Once the commercial fishermen dock their boats and drop off their catches of the day, there are many steps that have to be taken at the Barnhill Fisheries crab house before they can be sold wholesale.

Mark Jacques, who is in charge of cooking the stone crabs at the fish house, said he typically receives deliveries from the fishermen between 3-6 p.m. every day. He said although the cut-off time for stone crab to be dropped off is 6 p.m., the fishermen can drop them off later if they call and let him know.

Some days, Jacques said, he is at the crab house until 10 p.m. cooking the stone crabs from that day.

Jacques said the stone crabs are first weighed before they are dumped in a basket or bag, which are then accompanied by a tag that holds the fisherman’s initials.

The first cook of the season was 179 pounds of stone crab Oct. 15, which Barnhill brought in with his crew a little after 2 p.m.

Barnhill said he got back to the docks a little earlier than a typical day because people were picking up stone crab later Monday night.

Once the cooker, a large stainless steel pot that can hold up to 400 pounds of stone crab, reaches a boil, the basket is then lowered into the water to cook for 12 minutes.

Once the cooker is turned on, it remains on until the last batch of stone crab is cooked.

When the timer goes off it tells Jacques that the basket has to be lifted out of the cooker and into another steel container that is packed with ice for 15 minutes.

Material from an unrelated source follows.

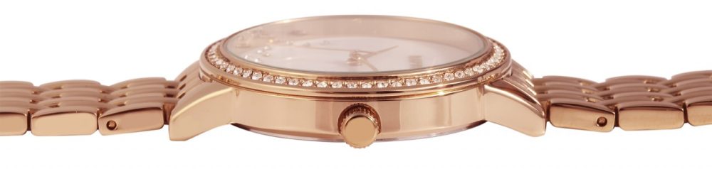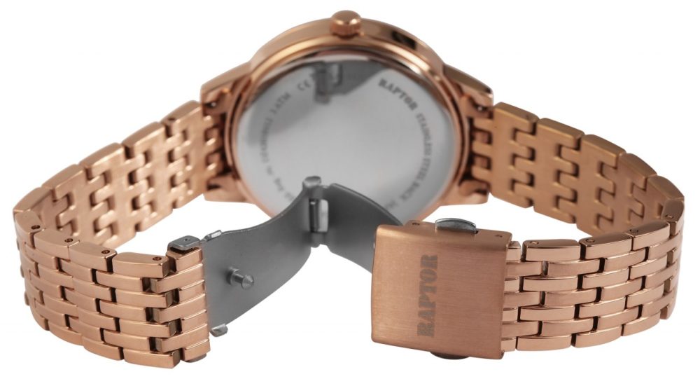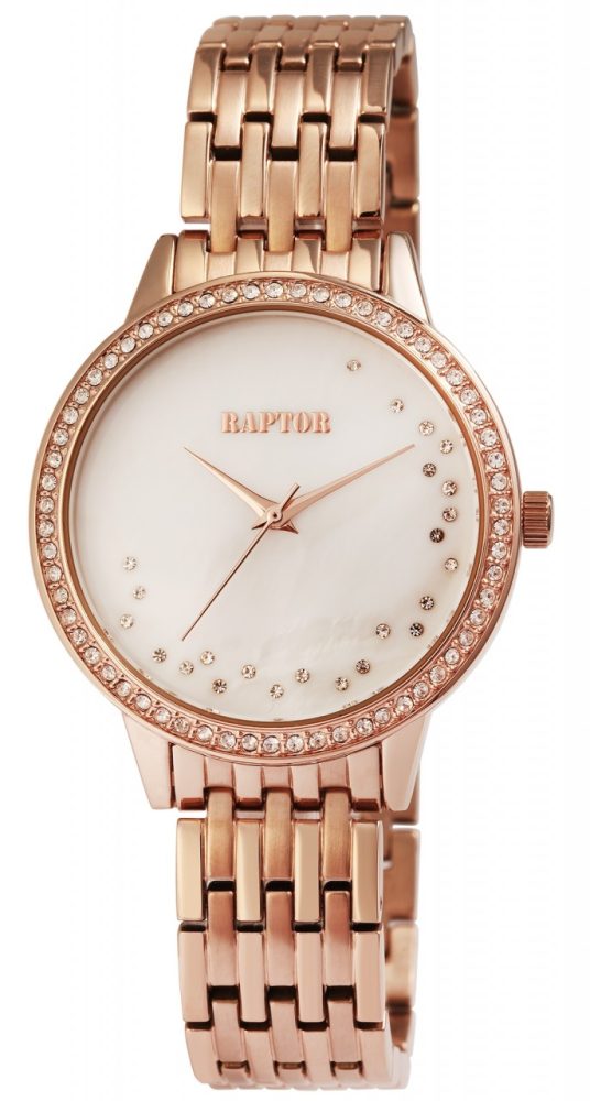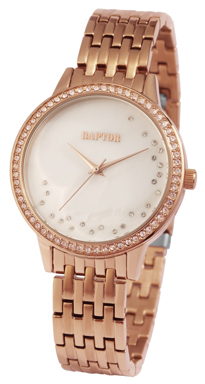 O relógio de pulso analógico de 3 ponteiros para senhora da marca Raptor possui um movimento de quartzo de alta qualidade. A bracelete em aço inoxidável tem 16 mm de largura na extremidade e pode ser aberta e fechada com um fecho desdobrável. O comprimento total do relógio é de 22 cm, mas pode ser ajustado conforme necessário graças aos elementos amovíveis. O diâmetro da caixa é de 38 mm e a altura da caixa é de 9 mm. A tampa da caixa também é feita de aço inoxidável. O relógio possui igualmente uma resistência à água de 3 bar. A bracelete em aço inoxidável brilhante forma uma transição suave para a caixa do relógio, completando o aspeto geral. Outra caraterística especial é a luneta decorada com pedras semelhantes e os pormenores no mostrador. Os ponteiros e os índices condizem com a cor da caixa do relógio. O seu produto é fornecido com um cartão de garantia e uma caixa original Raptor.

He said the second step is important because the cold water shrinks the meat a little bit, so it does not stick to the shell.

The pink stone crabs are lifted out of the water on an overhead track system that then guides the large basket to a steel table where they are dumped to be graded into different batches.

The sizes for the stone crab include medium 0-2.99 ounces, large 3-4.99 ounces, jumbo 5-6.99 ounces and colossal 7 ounces and up.

Once the stone crabs are weighed, they are then placed in different colored baskets to be boxed up before they are wholesaled out to restaurants and markets. The restaurants and market also includes Barnhill’s Seafood Spot and the Seafood Market.

Barnhill said what they catch will be used at the restaurant that night, to ensure freshness for the customers.

“We can always sell a fresh product,” he said.

Barnhill said they wholesale to this side of the coast as much as possible, before they start providing stone crab to the other coast.

In addition, he said the crab house delivers stone crabs three days a week from Matlacha to Naples.

The crab house is buzzing seven days a week, once the fishermen are done pulling traps for the day.

“As long as boats are going, we are open,” Barnhill said.